OpenHexa, Bluesquare’s new Data Integration Platform
We often hear about the scarcity of health data coming from low resource countries. However, in the last decade, we at Bluesquare have experienced a significant increase in the volume of data collected through the expansion of software solutions such as DHIS2.
With the development of data transmission through multiple communication networks, it can become hard to keep track of all the data that public facilities, private actors, NGOs running campaigns, research projects or logistics systems collect. It is even harder to mobilize these various sources of data to create meaningful analysis and reports. Yet, these can help guide public health decisions.
To help solve this problem, Bluesquare is proud to introduce OpenHexa, our open-source data integration platform targeted at health data professionals.
Solving the key challenges of data processing : Exploration, Extraction, Visualisation
OpenHexa focuses on four key capabilities:
- Data exploration through the data catalog component. This allows users to browse, search and discuss data from different sources (S3 buckets, PostgreSQL databases, DHIS2 instances…). It will make possible the synchronization of data from different sources and formats.
- Collaborative interactive computing through the notebooks component, based on Jupyterhub, where users can create and share notebooks. This will allow software users to easily share their ideas and advancements across teams.
- Automated data extraction and transformation using the data pipelines component, which will greatly speed up the extraction processes.
- Data visualization through the visualization component. This provides an easy way to use OpenHexa data in different data visualization and business intelligence tools.
OpenHexa also provides powerful access control features. These allow you to make sure that users can only see and work on specific data for which they have authorization.
A user oriented open source platform
By developing OpenHexa as an open-source platform, we are tackling two challenges:
- The lack of open-source integrated data platforms: there are many high-quality open-source software tools for data visualization, analysis or automation, but integrated platforms that combine the different aspects of data science tend to be proprietary, expensive, and plagued by opaque pricing structures.
- The brittleness of data workflows in public health projects: when working with health data, experts often face heterogeneous data, tasks that require manual operations, and siloed information, leading to disorganized analyses that are and difficult to reproduce .
OpenHexa offers a novel solution that is both integrated and 100% open-source (codebase available on Github). Bluesquare can host the platform in its cloud infrastructure, or you can deploy it yourself on any cloud provider.
Our aim with developing this platform is to offer our current and future partners a tool that enables programs and managers to automate processes that are often manual, time consuming and error-prone. We also had at heart to make it open source and to have a user friendly interface.
Are you as excited about the launch of Openhexa as we are? Participate in the development of the source code on Github or request a demo session with one of our experts.
Use case: Improving the national surveillance system for infectious diseases
While not limited to health-centric workflows, our platform has been developed with health data as the primary use case.
OpenHexa offers an ideal environment for local universities, analytical units within Ministries of Health, Institutes of Public Health, National Statistical Institutes or international partners to implement a wide variety of data analysis, at national or sub-national level.
As an example, let’s consider an epidemiologist who wants to improve the national surveillance system for infectious diseases. This system relies on weekly data collection on about 20 diseases collated at the district level. Each week, a data manager manually aggregates data and sends it to the national surveillance team at the MOH. Then analysts from the national surveillance team evaluate the data using Microsoft Excel and try to identify outbreaks.

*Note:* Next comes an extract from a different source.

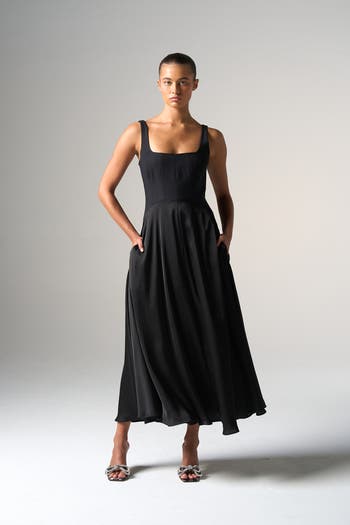 The London Dress is a timeless midi silhouette with a square neckline, wide straps, and a softly structured bodice. Designed with a fitted waist, fluid skirt, and discreet pockets, it offers understated elegance in a clean, modern finish.

How can OpenHexa improve this workflow?
- Using the data pipelines component, automated extraction pipelines are implemented to ensure that up-to-date data is consolidated every week. Current use cases include data coming from DHIS2, Excel systems, EpiData collection systems, Access databases
- Within the notebook component, a data scientist develops an outbreak detection algorithm in collaboration with national experts and academic teams and colleagues within and outside the country
- The data scientist can share the outbreak notebook with their colleagues and local experts
- The outbreak algorithm is then deployed as a data transformation pipeline and scheduled to run every week using the latest data
- Using a third-party visualization tool (such as Tableau or PowerBI) connected to OpenHexa, a data visualization expert creates a dashboard to visualize the outbreak data
- A local monitoring and evaluation team is trained to use the data integration platform, operate the outbreak detection code, and evaluate the data visualized in the dashboard, and oversees regular updates to the surveillance system. They can zoom on specific zones, compare outbreak cinetics from different years, articulate various relevant data series.
Thanks to OpenHexa, we have moved from a manual, error-prone process to an automated and reproducible solution. This allows in-country teams to generate better insights into district-level epidemiological trends.